«Felizes os que escrevem um diário cheio de personagens ilustres, acontecimentos importantes e encontros daqueles onde as ideias faíscam e se ouvem frases que se tornam históricas.
O anotar dos dias de uma vida como a que levo, feita de calma e mediania, sem drama nem contrariedades de maior, talvez sirva apenas para para os que nela se reconhecem não desanimem nem se sintam sós.» Rentes de Carvalho
Rentes de Carvalho começou a escrever este diário, editado em Portugal em Maio de 2015, no dia 15 de Maio de 1999, dia em que fazia 69 anos, e terminou no dia 15 de Maio de 2000, dia em que completou 70 anos. Escreveu durante um ano com entradas diárias sem falha, numa total regularidade. Assinala assim, entre dois maduros Maios, o ano da passagem do século, do milénio e das 7 décadas da sua vida, este escritor português com vasta obra publicada, aplaudida e reconhecida fora de Portugal, estranhamente desconhecido dos portugueses. Este desconhecimento torna oportuna a publicação de “Pó, Cinza e Recordações” (Quetzal, 2015) seu diário que nos responde em parte à pergunta: quem é Rentes de Carvalho?
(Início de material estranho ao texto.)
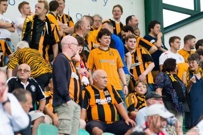 Fanúšikovia Hull City počas zápasu 3. predkola Európskej ligy 2014/2015 medzi AS Trenčín (SR) a Hull City (Angl.). Žilina, 31. júl 2014. Foto: SITA/Milo Fabian

“Um dos últimos aventureiros” (como lhe chama Francisco José Viegas, seu editor), nascido de pais transmontanos, em Vila Nova de Gaia em 1930, Rentes abandonou o país muito jovem. Viveu no Rio de Janeiro, São Paulo, Nova Iorque e Paris. Em 1956 radica-se em Amesterdão, onde vive até hoje e onde escreveu e publicou vasta obra literária, com grande sucesso junto dos críticos e dos leitores, e com sucessivas reedições.
A escrita confessional, diários, cartas ou memórias, pode ser tudo, do mais aborrecido ao mais fascinante da vida humana, sempre matéria de curiosidade psicológica ou sociológica. É o tipo de escrita que convoca o voyeur que há no leitor, desejoso de descobrir quem é na intimidade o escritor, o artista, o actor, a figura pública. A escrita de diários presta-se também a muitas vulgaridades e lixo, já foi a escrita típica da imaturidade juvenil, principalmente feminina, antes do fenómeno facebook, daí o estatuto de literatura menor. Sabemos no entanto que grande número de escritores e figuras de primeira linha mantiveram diários durante quase toda a vida, bem como extensa e intensa correspondência.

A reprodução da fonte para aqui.